In the new music industry, some musicians are struggling. Others are figuring out how to tap into what fans really want.
Kevin P. Casey / AP
The music industry has been going through pretty rough times over the past several years. The disruption that has occurred is due to the Internet and other technological breakthroughs, fundamental changes in customer behavior and a chronic recession.
It has been beating down the leading companies that once dominated every aspect of the music we heard and how we heard it.
But even in a troubled industry there are opportunities for entrepreneurs willing to think outside the box. Being a successful entrepreneur in the emerging new music industry will require a willingness to forget the old business models.
Some aspects of the industry will not change: Songwriters will still write songs, and performers will still perform.
So what has changed?
It starts with what people are willing to pay for. It is a myth that consumers are not willing to pay for music anymore. They are just not willing to pay for it in the traditional way it was packaged and distributed.
Emerging entrepreneurial artists have discovered that their fans want more than just their music.
These fans want to be part of a community, have the sense of a personal relationship with artists, attend live events and have access to merchandise that shows their affinity with the band.
They may not be willing to pay for just music itself, but when the music is packaged with all the other stuff they value, they will spend their money.
The good news is that the average amount of money each customer spends via this new business model far exceeds the amount a band could hope to get simply by relying on downloads of its songs.
An example of performers finding their way in the industry with a new business model is a band made up of Belmont University students called the Kopecky Family Band.

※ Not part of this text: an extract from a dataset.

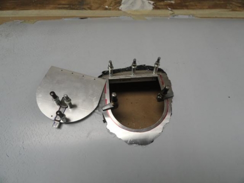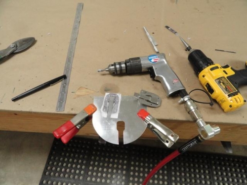 Started install of spring latch on Oil filler door. I scanned the latch into the computer and printed out 1:1. I then cut out and glued to the oil filler door. I then cut along the line and roto-filed to fit. Drilled and readied to rivet to door. I then laid out the oil filler door jam with .032 to match radius of door opening.

While creating great music, they are also paying close attention to creating value for their followers through a variety of products and the creative use of social media. It all helps them connect with fans. In fact, their savvy marketing has helped the band gain national attention, including an appearance on NPR's World Cafe.

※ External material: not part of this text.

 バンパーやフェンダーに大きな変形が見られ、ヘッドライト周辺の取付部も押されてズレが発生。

The basic structure of the industry is also changing. Success in the music business no longer requires dependence on the large companies, the labels that dominated the industry for the past several decades. Entrepreneurial artists are beginning to control almost all aspects of their "product," including production, management, and distribution of their music and merchandise. Artists have their own websites, smart phone apps and social media strategies.
There is still a large market for music, but success requires an entrepreneurial approach that is built on fundamentally different business models.